Get some tutorials and spend time on simple, traditional exercises (a Fibonacci generator, a program to solve some logic puzzle), so you understand the language basics before bothering with the libraries, which is what you are struggling with now. Then you can start doing useful stuff.
I wrongly assumed that the "toString" method on my newBA object would convert it to a readable output, but I was, apparently, wrong. How is a person supposed to know which way to go in Java?
You could replace here Java with the language of your choice that you don't know/haven't mastered yet. Even if you worked 10 years in a specific language, you will still get those "Aha! This is the way it's working!"-effects, though not that often as in the beginning.

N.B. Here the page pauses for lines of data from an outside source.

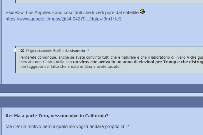 Ma io fisicamente ne ho visto pocoperò GTA V non era bello? Altro gioco recente molto molto molto famoso e pluripremiato su PS4 non era bellissima un'ambientazione da quelle parti? E dei film e serie ambientati in California? Poi ovvio che ci sono i barboni, ci sono anche nella stazione di merda della mia città del cazzo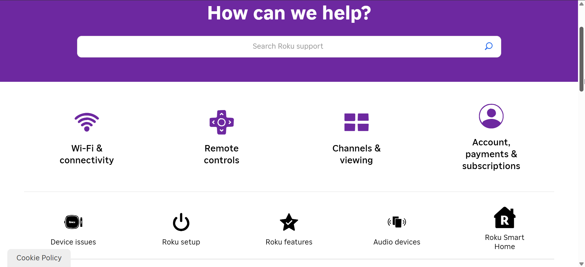 Portal Sokongan Roku adalah cara yang paling cepat dan paling dipercayai untuk mencapai perkhidmatan pelanggan. Ia membimbing anda melalui kategori isu supaya anda mendapat bantuan yang betul tanpa menunggu ditahan. Pilih kategori yang sepadan dengan isu anda, seperti persediaan peranti, akses akaun, atau pengebilan. Bergantung pada pilihan anda, Roku memaparkan langkah penyelesaian masalah atau pilihan sembang langsung dengan ejen.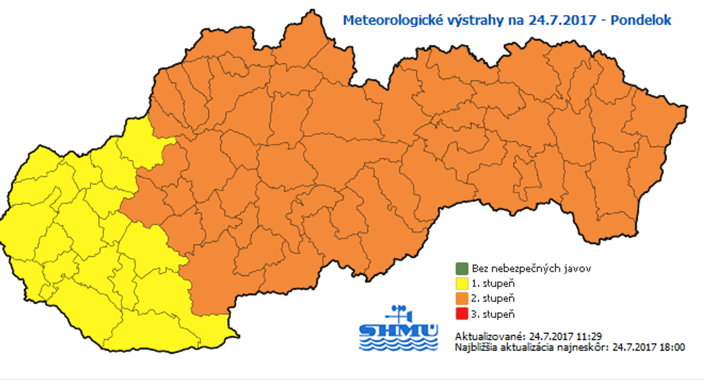 Najohrozenejšie okresy sú - na dnes (24.7.) a utorok (25.7.) - v Nitrianskom, Trenčianskom, Banskobystrickom, Žilinskom, Prešovskom a Košickom kraji.

The point you need to learn here is that toString() is not returning the representation you want/expect, but any the implementer has chosen. The default implementation of toString() is like this (javadoc):
Returns a string representation of the object. In general, the toString method returns a string that "textually represents" this object. The result should be a concise but informative representation that is easy for a person to read. It is recommended that all subclasses override this method.
The toString method for class Object returns a string consisting of the name of the class of which the object is an instance, the at-sign character `#', and the unsigned hexadecimal representation of the hash code of the object. In other words, this method returns a string equal to the value of:
getClass().getName() + '#' + Integer.toHexString(hashCode())
How is a person supposed to know which
way to go in Java? I have a background
in C so this Java thing seems pretty
weird. Any advice on how I can get
better without having to "cheat" by
Googling how to do something all the
time?
Obvious answers are 1- google when you have questions (and it's not considered cheating imo) and 2- read books on the subject matter.
Apart from these two, I would recommend trying to find a mentor for yourself. If you do not have experienced Java developers at work, then try to join a local Java developer user group. You can find more experienced developers there and perhaps pick their brains to get answers to your questions.